I think the terminal feature might actually be more difficult to implement than proper IPC. I've considered implementing it myself, but didn't want to just drop that feature on you as a big pull request. My thoughts: - We could tackle multiple-instance communication by allowing successive instances to listen on the existing socket, or just having them create sequential new sockets. I prefer the former. - However we handle that, we will want to add a `socket_get_focus_time` (or similar) to look up how recently the editor was used. - If we put multiple listeners on a socket, we'll need to tag their responses with a UID (eg, their PID). - In this case, I'd probably just call the routine something like `socket_identify_instances`. - Tracking the focus timestamp is as simple as updating a global in each process's `set-focus` or `notify::is-topmost` event. - Once we've iterated all sockets or all responses, we would request the one with the latest (highest) timestamp to open the given files. - Again, if we had multiple instance on one socket, we'd need to tag the request with a PID or other UID from the timestamp call.
I believe this change isn't all that complicated, and might be interested in making it if the team doesn't have any other plans. Let me know.
It would be good if Geany could organize its sockets so that more than the first open instance could be communicated with.
See --socket-file or -c [here](https://www.geany.org/manual/current/index.html#command-line-options)
Ideally, the most recently focused editor would accept document open commands.
Needs some system wide shared global thing that records who was the last Geany to be focussed, but I doubt it will be very useful on systems with "focus follows mouse" since it would be too easy to change which Geany that was.
What would be cool is if I could type open or edit instead, to open them in the current instance.
See above. You can define your own `open` or `edit` aliases since the terminal has a shell running inside it. (Note Geany does not see anything that you type in the terminal other than a few shortcut keys, it all goes directly to the shell)
We could tackle multiple-instance communication by allowing successive instances to listen on the existing socket, or just having them create sequential new sockets. I prefer the former.

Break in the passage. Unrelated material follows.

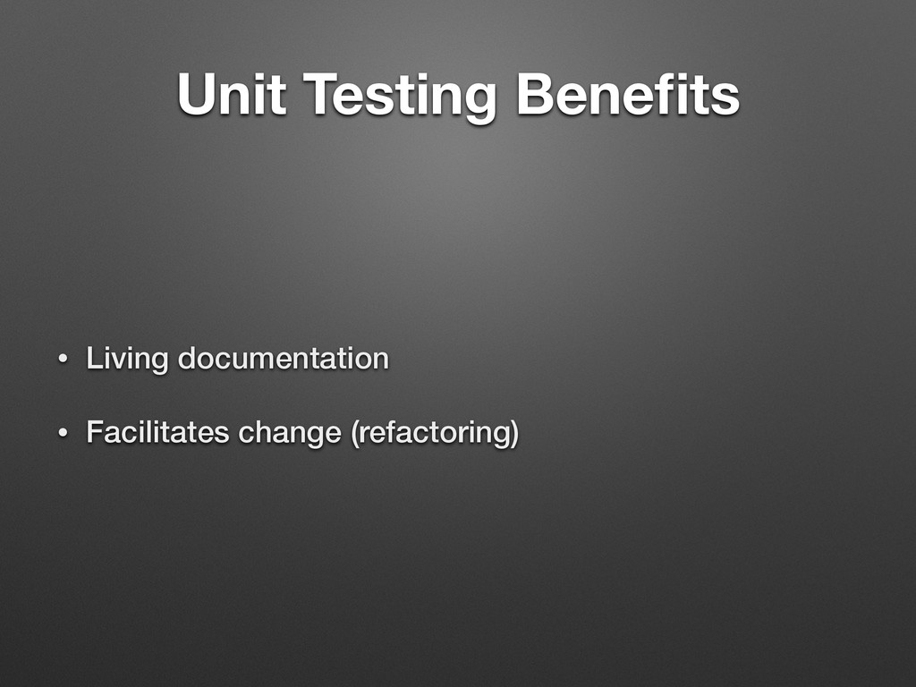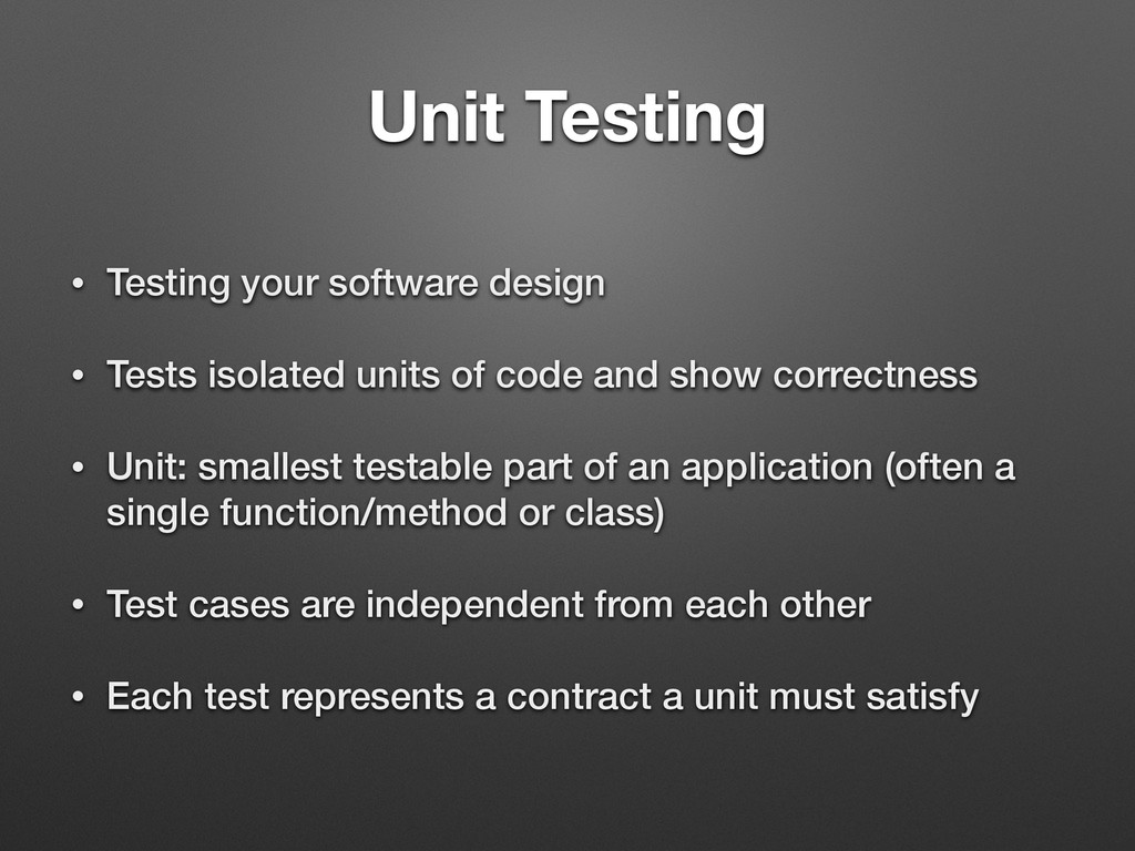 units of code and show correctness • Unit: smallest testable part of an application (often a single function/method or class) • Test cases are independent from each other • Each test represents a contract a unit must satisfy

Unix sockets allow multiple listeners, but only one of them can read a message, so its the one taht wins the race that gets it. You need a shared server (the "global thing" referred to above) that communicates wit all the instances. IMO this is all becoming too complex just to automate which Geany gets an open request, its better to specify it explicitly as above.
I believe this change isn't all that complicated, and might be interested in making it if the team doesn't have any other plans. Let me know.
Other than the fundamental flaw noted above :)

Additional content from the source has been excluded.